The form of the invention involving a dynamic semi-curing step is 
particularly advantageous from the standpoint of providing better melt 
flow, improved high temperature physicals and better die swell. A 
preferred elastomer for use in the invention is the low unsaturation type 
of EPDM terpolymer, containing such non-conjugated dienes as 
1,4-hexadiene, dicyclopentadiene or 5-ethylidene-2-norbornene. Preferred 
curatives for these are the peroxide, sulfur or azide types described 
above. 
The following examples, in which all quantities are expressed by weight 
unless otherwise indicated, will serve to illustrate the practice of the 
invention in more detail. 
EXAMPLE 1 
This example illustrates uncured thermoplastic elastomers of the invention. 
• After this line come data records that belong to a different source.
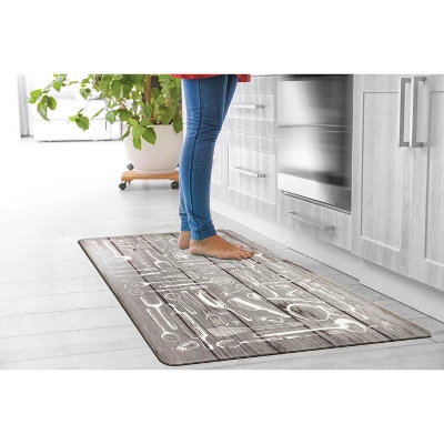 - Multi-purpose:Kitchen mats widely used for home decor,indoor front welcome mat,kitchen rug,laundry room,standing desk,back doors,garage,office. Nonskid backing holds the mat in place for extra safety.
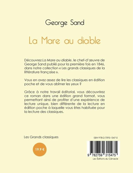 Découvrez La Mare au diable, le chef-d¿¿uvre de George Sand publié pour la première fois en 1846, dans notre collection « Les grands classiques de la littérature française ». Vous en avez assez de lire les classiques en édition poche et de vous abîmer les yeux ? Grâce à notre travail éditorial, vous découvrirez ce roman dans une édition grand format, vous permettant ainsi de profiter d¿une expérience de lecture unique, bien différente de la lecture en édition poche à laquelle vous êtes habituée pour la lecture des classiques.
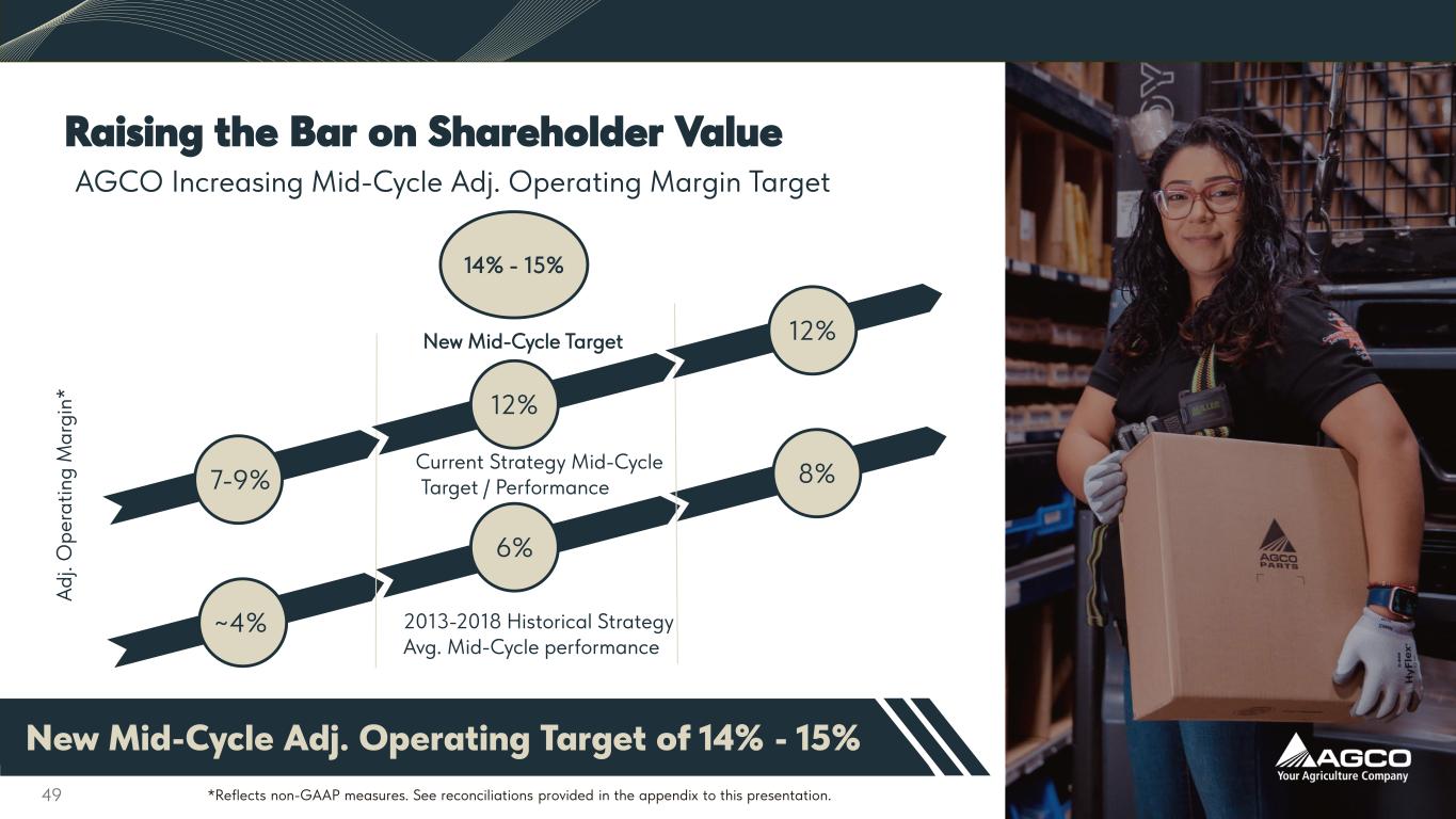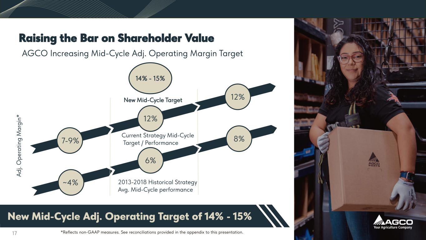 执行我们的农民第一战略| INVESTOR DAY提高股东价值的标准AGCO增加中周期调整。营业利润率目标A DJ。O PE ra tin g m ar gi n*新中周期Adj.经营目标14%-15 % 2013-2018年历史策略平均中周期业绩当前策略中周期标的/业绩新中周期标的14%-15% 12% 8% 6% 12% 7-9 %~4% 17*反映非公认会计原则措施。见本演示文稿附录中提供的对账。
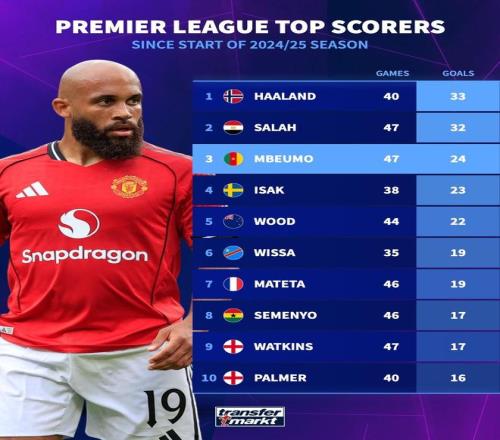 上赛季至今英超进球数前10:哈兰德、萨拉赫前2,姆伯莫第3
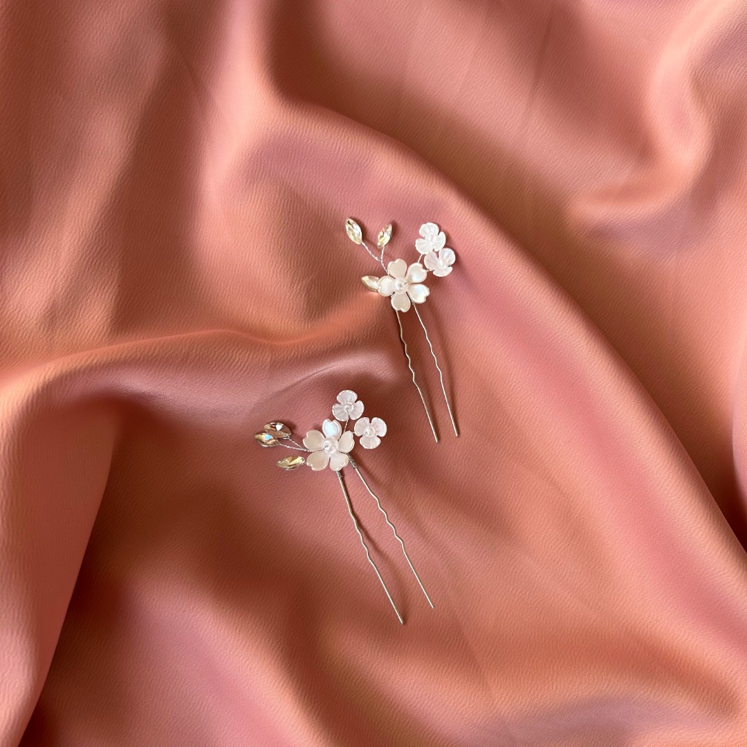 Orquilla de novia con incrustaciones de strass y perlas, en alambre dorado.
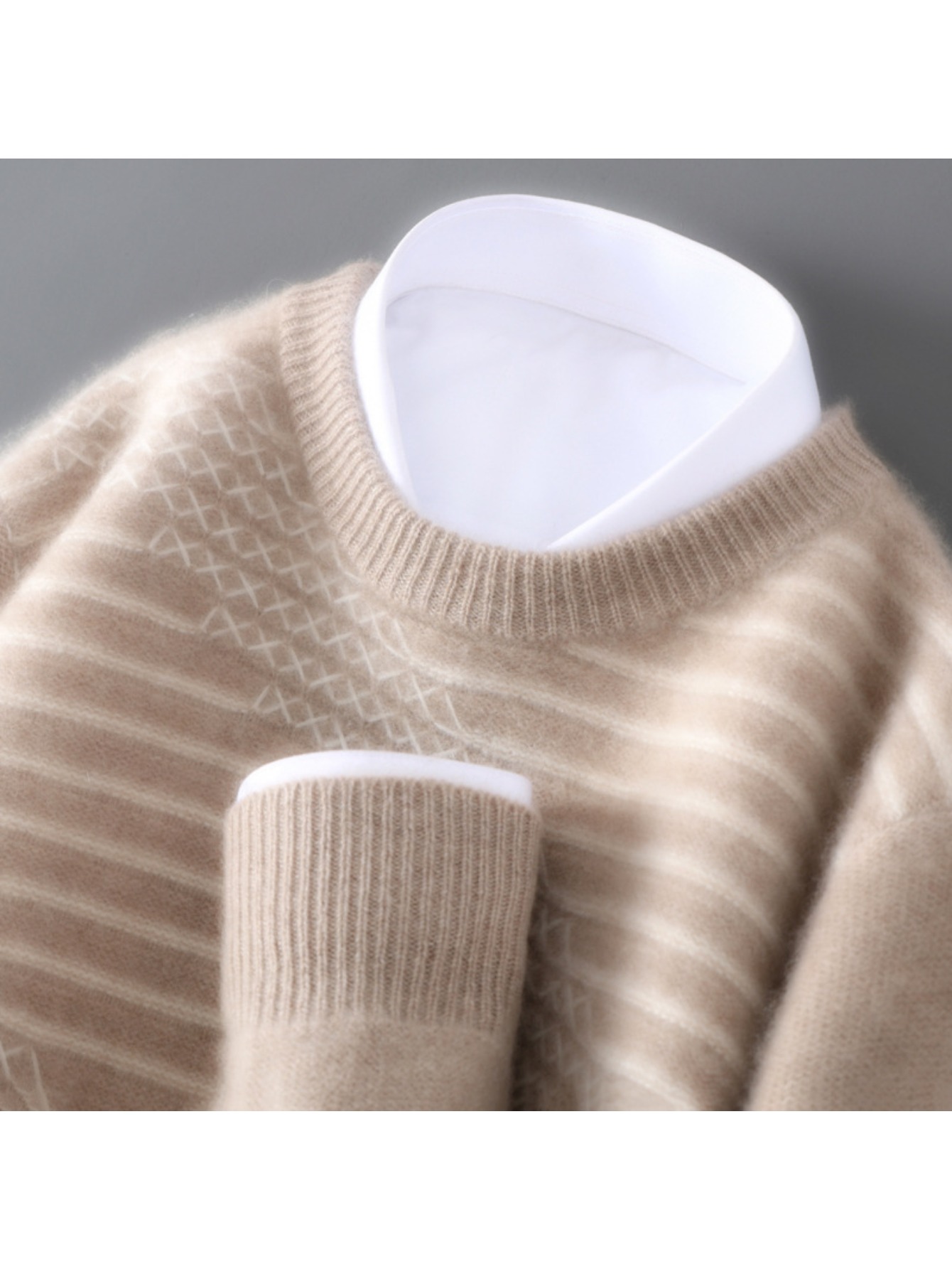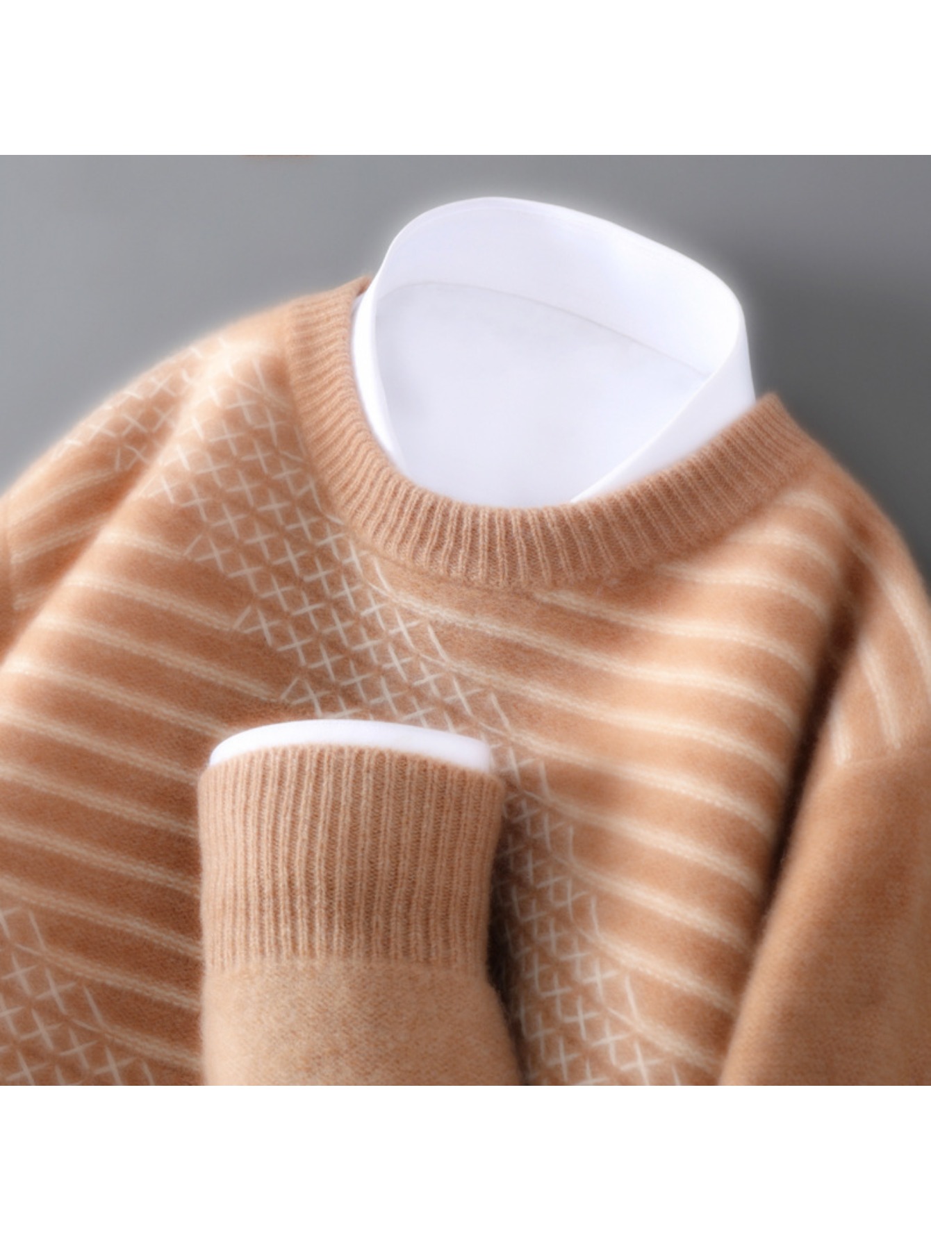 New Autumn And Winter Men'S 100% Color-Blocked Thick Pullover Sweater, Versatile Knit Base Layer.
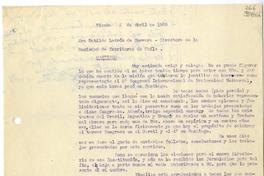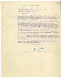 Le pide disculpas por no haberla visitado, le comenta que representó muy bien a la Sociedad de Escritores de Chile en el Congreso Internacional de Fraternidad Universal y que luego enviará material relacionado.
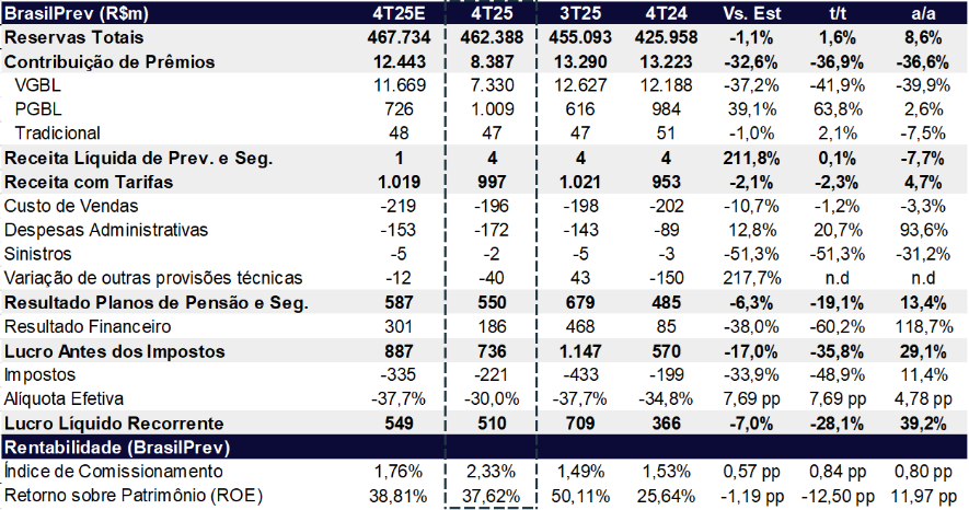 Brasilprev (Previdência). A Brasilprev reportou lucro líquido de R$ 510 milhões, com queda de –28% t/t e alta de +39% a/a, ainda beneficiada pelo forte resultado financeiro. A retração sequencial reflete a base excepcionalmente elevada do 3T25.
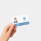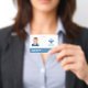 Un élégant badge d'identification pour le personnel médical et les employés de l'hôpital. Idéal pour les infirmières et les médecins des cliniques et des maisons de soins infirmiers. La conception montre une photo de l'employé, le nom de l'employé et le titre de l'emploi. En outre, inclut l'espace pour un numéro d'identification et la date d'expiration. Le nom des hôpitaux est affiché en haut à droite et comporte un logo, le nom de l'hôpital et le slogan.
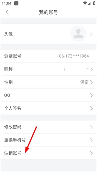 3、在我的账号页面,点击注销账号选项,进入注销提示页面。
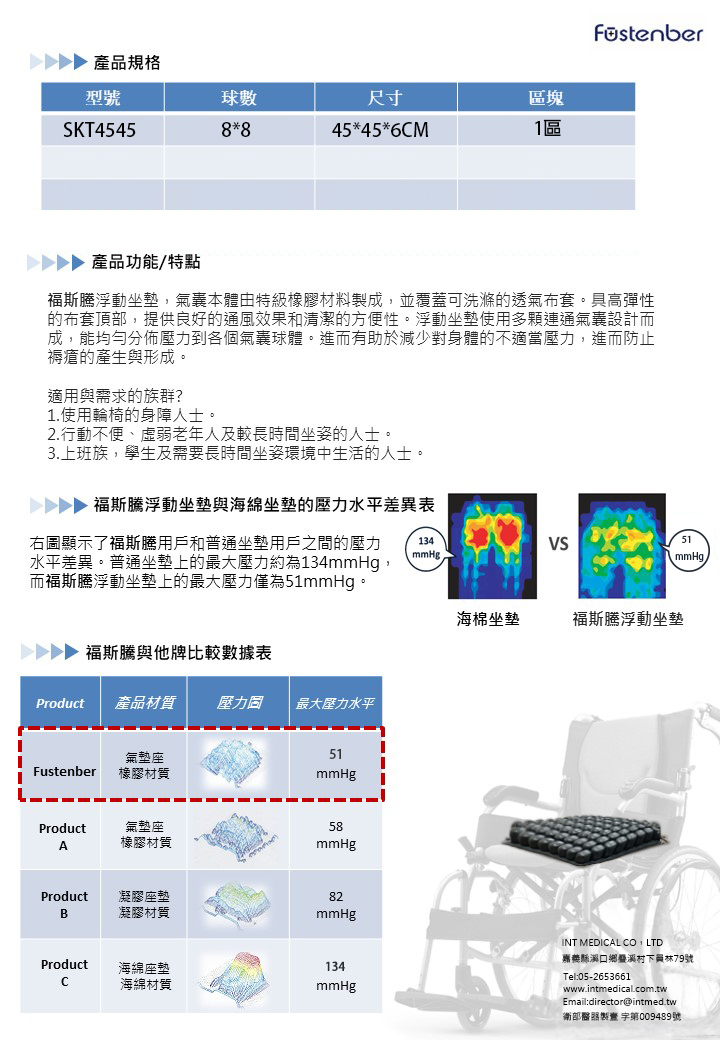 SKT福斯騰浮動坐墊使用多顆連通氣囊設計而成,能均勻分佈壓力到各個氣囊球體。有助於減少對身體的不適當壓力,進而防止褥瘡的產生與形成。
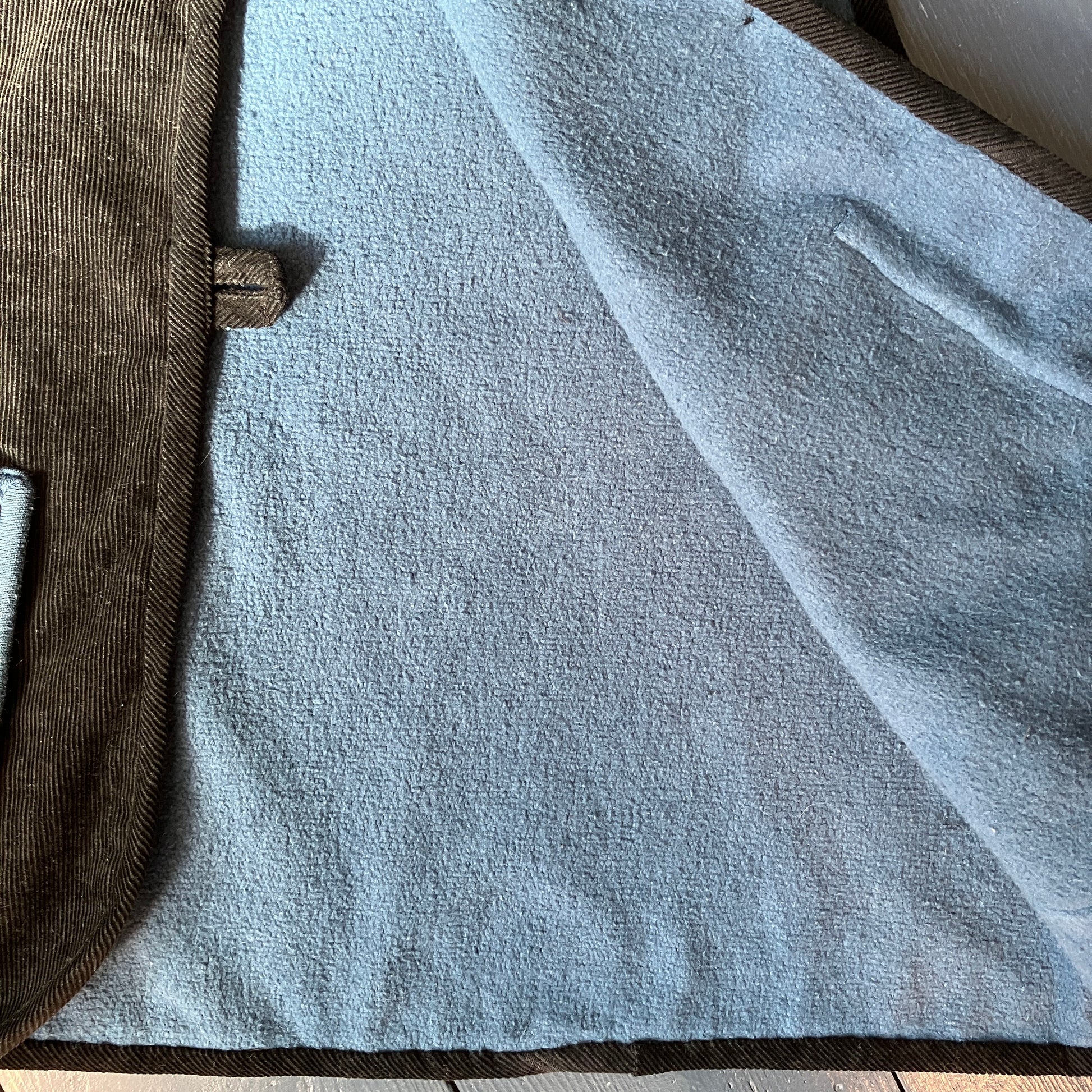 Lined with warm blue fleecy sweatshirt fabric. Finished with wooden buttons and a hanging loop.

Table I shows a series of blends, identified by the letters A through AAA, 
containing the ingredients shown in the table, expressed in parts by 
weight mixed following the general procedure described above. The 
ingredients are identified as follows: 
EPDM is an unsaturated sulfur-vulcanizable elastomeric terpolymer of 
ethylene, propylene and dicyclopentadiene, in which the ethylene: 
propylene weight ratio is 53: 47; iodine number 10; Mooney viscosity 90 
(ML-4 at 212.degree. F.). 
EPM is a saturated elastomeric copolymer of ethylene and propylene; 
ethylene: propylene weight ratio 45: 55; Mooney viscosity 66 (ML-4 at 
212.degree. F.). 
Cryst PP 1 is a largely crystalline isotactic polypropylene resin 
commercially available as Profax (trademark) 6253 having a melt flow index 
of 4 at 230.degree. C. (ASTM D 123-587) and a density of 0.903 g/cc. 
Cryst PP 2 is a largely crystalline isotactic polypropylene resin, Profax 
6323, having a melt flow index of 11 at 230.degree. C. and a density of 
0.903 g/cc. 
Amor PP 1 is an essentially amorphous polypropylene commercially available 
as A-Fax (trademark) 500, described in Table A above. 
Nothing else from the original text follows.